There is a type of Chinese cuisine in Manila that I haven't seen in North American Chinatowns. It is Amoy Chinese food. It shares many nomenclatures with Taiwanese food but the preparation is quite different. Man Han, with branches in Quezon City and Makati, is perhaps the best place to sample this cuisine. Ha Yuan is also good. Then there are individual restaurants in Chinatown that are good for particular dishes-- Ma Kong for chicken butt noodle soup (mami,) New Manosa for Lo Mi and stuffed prawn, Tang Qiao for Ma Ki, Panciteria Peace for stewed pork leg.
These are some dishes to try:
Lumpia (egg roll) is quite different from all other egg rolls, quite delicious and healthful. It is like a burrito stuffed with a melange of shredded veggies, tofu, meat, shrimp, ground peanuts etc.
Ma Chang. Steamed bamboo leaf wrapped glutinous rice with pork belly, sausage, mushrooms, dried shrimp. The oil from the chunks of pork belly infuses the dish with a fragrance and flavor that makes it different (better) than Cantonese or Shanghai versions of leaf wrapped glutinous rice.
Lo Mi. Udon like noodles in a thick soup made with shrimp, pork, mushrooms, cabbage, shallots etc.
Diok Pit He. Deep fried stuffed prawns wrapped in a pork stomach "webbing."
Ma Ki. The same characters as Taiwanese Rou Geng but tastes very different. Gingery chunks of beef or pork in a glistening thickened soup.

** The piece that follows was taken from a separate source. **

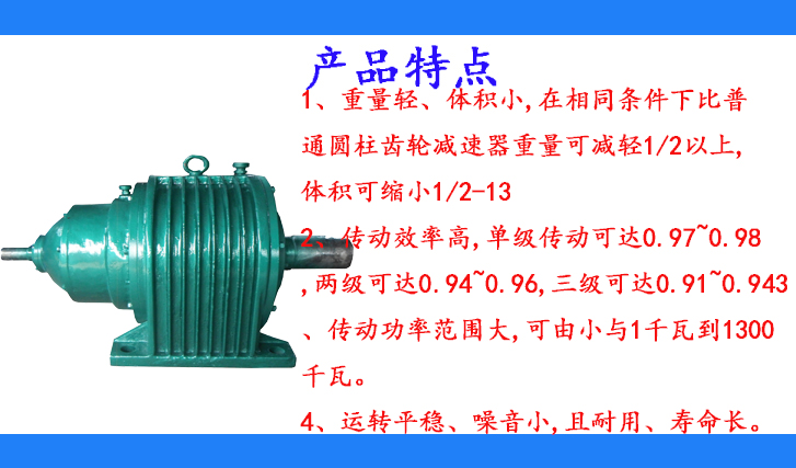 1、重量輕、體積小,在相同條件下比普通圓柱齒輪減速器重量可減輕1/2以上,體積可縮小1/2-132、傳動效率高,單級傳動可達0.97~0.98,兩級可達0.94~0.96,三級可達0.91~0.943、傳動功率范圍大,可由小與1千瓦到1300千瓦。4、運轉平穩(wěn)、噪音小,且耐用、壽命長。

Pork Leg Cha Bihon. The chunks of pork leg makes this fried rice vermicelli dish fantastic.
O Chien. Oyster omelette. Unlike Taiwanese version, the use of chives gives it a great flavor.
Ngo Hiong Keng. Similar but better than Taiwanese Chicken rolls.

The restaurants I've mentioned above are every day lunch places and the dishes are priced accordingly. While Man Han and Ha Yuan are clean and comfortable eating places, the others are very much less so :-)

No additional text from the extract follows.